### About this exercise
Extract, unchanged, each line of the listing below from its first line through the line that contains "走进文登区政务服务中心大厅,巨型LED屏", inclusive, and nothing else.

### Supplied records

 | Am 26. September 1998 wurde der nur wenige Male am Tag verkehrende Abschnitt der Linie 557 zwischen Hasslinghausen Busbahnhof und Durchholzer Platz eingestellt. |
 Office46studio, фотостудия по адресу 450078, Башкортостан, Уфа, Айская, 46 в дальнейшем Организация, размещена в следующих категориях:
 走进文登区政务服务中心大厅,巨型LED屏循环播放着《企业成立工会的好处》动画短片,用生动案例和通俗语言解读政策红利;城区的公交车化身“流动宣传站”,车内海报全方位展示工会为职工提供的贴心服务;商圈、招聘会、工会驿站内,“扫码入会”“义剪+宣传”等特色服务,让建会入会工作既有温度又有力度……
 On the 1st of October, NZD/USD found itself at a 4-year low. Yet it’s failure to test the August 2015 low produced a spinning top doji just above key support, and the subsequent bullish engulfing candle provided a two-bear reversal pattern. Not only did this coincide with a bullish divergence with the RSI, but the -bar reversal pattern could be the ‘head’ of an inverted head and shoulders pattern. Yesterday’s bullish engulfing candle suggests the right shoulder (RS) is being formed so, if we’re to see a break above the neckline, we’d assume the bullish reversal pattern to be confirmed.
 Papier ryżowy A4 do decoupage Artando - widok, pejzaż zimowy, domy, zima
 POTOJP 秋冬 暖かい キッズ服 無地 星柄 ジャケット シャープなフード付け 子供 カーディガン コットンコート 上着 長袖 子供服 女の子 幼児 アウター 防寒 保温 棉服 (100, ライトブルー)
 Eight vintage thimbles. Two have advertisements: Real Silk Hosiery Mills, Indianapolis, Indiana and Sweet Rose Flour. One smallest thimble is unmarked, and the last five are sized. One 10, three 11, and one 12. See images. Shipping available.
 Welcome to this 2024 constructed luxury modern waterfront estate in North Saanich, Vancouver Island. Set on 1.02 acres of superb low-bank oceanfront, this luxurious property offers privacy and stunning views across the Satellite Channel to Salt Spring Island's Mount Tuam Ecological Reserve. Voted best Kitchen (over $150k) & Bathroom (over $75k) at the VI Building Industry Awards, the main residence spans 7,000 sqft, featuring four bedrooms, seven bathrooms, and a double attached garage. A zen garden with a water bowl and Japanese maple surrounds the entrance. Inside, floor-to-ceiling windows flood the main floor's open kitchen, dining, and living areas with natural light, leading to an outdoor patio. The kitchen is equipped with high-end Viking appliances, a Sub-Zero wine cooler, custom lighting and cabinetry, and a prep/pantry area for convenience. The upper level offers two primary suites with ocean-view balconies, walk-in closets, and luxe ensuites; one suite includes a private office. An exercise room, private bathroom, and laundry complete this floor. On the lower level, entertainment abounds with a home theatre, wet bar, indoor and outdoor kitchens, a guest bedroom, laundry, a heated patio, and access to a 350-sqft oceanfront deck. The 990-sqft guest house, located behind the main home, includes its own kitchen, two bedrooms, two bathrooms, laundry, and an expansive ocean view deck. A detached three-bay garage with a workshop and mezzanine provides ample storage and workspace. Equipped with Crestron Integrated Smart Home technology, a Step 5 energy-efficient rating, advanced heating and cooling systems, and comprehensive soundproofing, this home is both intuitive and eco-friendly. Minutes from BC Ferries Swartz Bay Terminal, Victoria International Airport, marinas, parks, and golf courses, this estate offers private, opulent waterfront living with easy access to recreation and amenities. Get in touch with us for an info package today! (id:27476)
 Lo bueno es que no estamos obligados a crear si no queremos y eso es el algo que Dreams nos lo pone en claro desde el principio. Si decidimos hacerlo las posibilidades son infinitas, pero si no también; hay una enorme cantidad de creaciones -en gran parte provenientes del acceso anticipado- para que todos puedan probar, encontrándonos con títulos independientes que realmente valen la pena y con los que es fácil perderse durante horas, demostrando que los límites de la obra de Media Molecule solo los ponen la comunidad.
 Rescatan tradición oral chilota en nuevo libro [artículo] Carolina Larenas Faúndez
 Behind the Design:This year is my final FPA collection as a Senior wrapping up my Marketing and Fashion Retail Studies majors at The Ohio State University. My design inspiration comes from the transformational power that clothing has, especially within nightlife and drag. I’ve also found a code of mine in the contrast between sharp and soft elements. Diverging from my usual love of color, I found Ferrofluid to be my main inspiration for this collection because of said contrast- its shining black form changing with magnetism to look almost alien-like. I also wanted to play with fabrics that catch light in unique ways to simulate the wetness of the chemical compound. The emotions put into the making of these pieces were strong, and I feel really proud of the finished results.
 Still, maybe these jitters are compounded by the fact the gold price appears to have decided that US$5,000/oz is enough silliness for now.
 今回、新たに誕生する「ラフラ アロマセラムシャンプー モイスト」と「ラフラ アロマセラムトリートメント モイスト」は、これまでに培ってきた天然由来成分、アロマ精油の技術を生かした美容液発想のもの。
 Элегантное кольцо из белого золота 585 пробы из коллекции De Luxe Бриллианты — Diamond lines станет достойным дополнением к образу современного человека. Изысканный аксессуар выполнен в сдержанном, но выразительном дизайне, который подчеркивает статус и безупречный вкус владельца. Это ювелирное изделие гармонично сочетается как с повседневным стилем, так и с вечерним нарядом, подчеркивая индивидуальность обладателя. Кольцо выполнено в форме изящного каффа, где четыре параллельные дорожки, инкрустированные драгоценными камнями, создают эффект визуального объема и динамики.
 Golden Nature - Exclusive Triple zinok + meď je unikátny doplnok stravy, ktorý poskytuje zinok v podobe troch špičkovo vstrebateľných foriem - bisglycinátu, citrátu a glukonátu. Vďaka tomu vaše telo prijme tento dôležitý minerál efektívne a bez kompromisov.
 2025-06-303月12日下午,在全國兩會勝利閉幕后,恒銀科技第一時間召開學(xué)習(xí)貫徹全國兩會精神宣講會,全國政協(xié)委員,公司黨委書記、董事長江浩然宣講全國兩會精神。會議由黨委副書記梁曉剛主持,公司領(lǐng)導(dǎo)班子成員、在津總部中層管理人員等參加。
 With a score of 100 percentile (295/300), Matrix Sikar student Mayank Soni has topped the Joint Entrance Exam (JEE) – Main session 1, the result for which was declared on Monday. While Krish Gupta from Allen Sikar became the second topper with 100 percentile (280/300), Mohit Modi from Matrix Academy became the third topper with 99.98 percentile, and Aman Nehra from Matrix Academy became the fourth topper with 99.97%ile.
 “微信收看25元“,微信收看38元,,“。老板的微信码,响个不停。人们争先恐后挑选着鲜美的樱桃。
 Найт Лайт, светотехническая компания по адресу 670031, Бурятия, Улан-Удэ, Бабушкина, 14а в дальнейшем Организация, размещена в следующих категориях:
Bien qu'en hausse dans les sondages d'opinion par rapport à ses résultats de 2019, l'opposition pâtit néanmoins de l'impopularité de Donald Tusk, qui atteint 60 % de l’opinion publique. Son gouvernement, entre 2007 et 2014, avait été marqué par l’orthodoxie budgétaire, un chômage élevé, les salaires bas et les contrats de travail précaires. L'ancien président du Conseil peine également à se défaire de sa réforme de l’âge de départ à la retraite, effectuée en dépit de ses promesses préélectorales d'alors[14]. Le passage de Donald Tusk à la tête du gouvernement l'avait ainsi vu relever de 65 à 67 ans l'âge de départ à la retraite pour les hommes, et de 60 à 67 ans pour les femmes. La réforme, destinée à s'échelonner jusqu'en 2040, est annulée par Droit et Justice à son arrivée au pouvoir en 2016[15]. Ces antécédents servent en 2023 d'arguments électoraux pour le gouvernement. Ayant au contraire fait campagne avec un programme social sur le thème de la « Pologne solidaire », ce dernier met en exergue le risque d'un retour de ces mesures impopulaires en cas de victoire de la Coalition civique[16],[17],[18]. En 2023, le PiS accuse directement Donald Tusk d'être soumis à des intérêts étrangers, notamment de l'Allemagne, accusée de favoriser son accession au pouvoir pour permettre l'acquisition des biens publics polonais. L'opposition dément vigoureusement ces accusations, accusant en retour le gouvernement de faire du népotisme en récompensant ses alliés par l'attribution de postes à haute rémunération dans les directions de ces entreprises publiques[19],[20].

### Result
 | Am 26. September 1998 wurde der nur wenige Male am Tag verkehrende Abschnitt der Linie 557 zwischen Hasslinghausen Busbahnhof und Durchholzer Platz eingestellt. |
 Office46studio, фотостудия по адресу 450078, Башкортостан, Уфа, Айская, 46 в дальнейшем Организация, размещена в следующих категориях:
 走进文登区政务服务中心大厅,巨型LED屏循环播放着《企业成立工会的好处》动画短片,用生动案例和通俗语言解读政策红利;城区的公交车化身“流动宣传站”,车内海报全方位展示工会为职工提供的贴心服务;商圈、招聘会、工会驿站内,“扫码入会”“义剪+宣传”等特色服务,让建会入会工作既有温度又有力度……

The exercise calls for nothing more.